In that case we suggest retrying the job by using the following additional lines in the submit file:
on_exit_remove = (ExitBySignal == False) && (ExitCode == 0)
max_retries = 3
requirements = Machine =!= LastRemoteHost
queue
An alternative way to submit in case of a specific exit code is:
on_exit_remove = (ExitBySignal == False) && (ExitCode != 11)
max_retries: HTCondor will retry the job up to three times in case of a failure.

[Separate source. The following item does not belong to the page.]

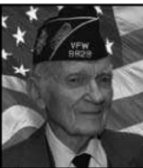
Forrest Barker Post 9829 Payson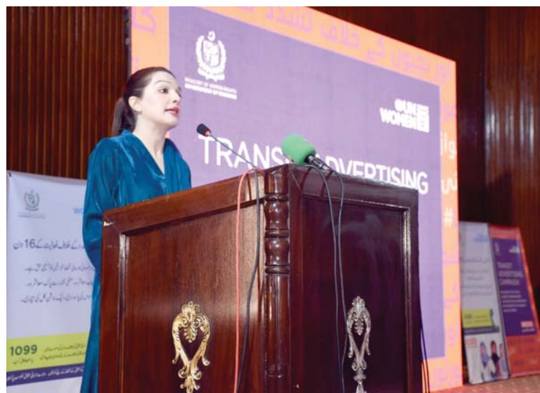
The Special Assistant to Prime Minister stressed the importance of collection

requirements = Machine =!= LastRemoteHost: The job will not run again in the same worker node.
Example:
executable = hello_world.sh
arguments = $(ClusterID) $(ProcId)
output = output/hello.$(ClusterId).$(ProcId).out
error = error/hello.$(ClusterId).$(ProcId).err
log = log/hello.$(ClusterId).log
on_exit_remove = (ExitBySignal == False) && (ExitCode == 0)
max_retries = 3
requirements = Machine =!= LastRemoteHost
queue
The hello_world.sh
script contains one command that will fail (ls: cannot access /home/condor-test: No such file or directory
) and it will cause exit code=1.
In that case, HTCondor will retry the job up to three times in a different worker node each time.
#!/bin/bash
ls /home/condor-test || exit 1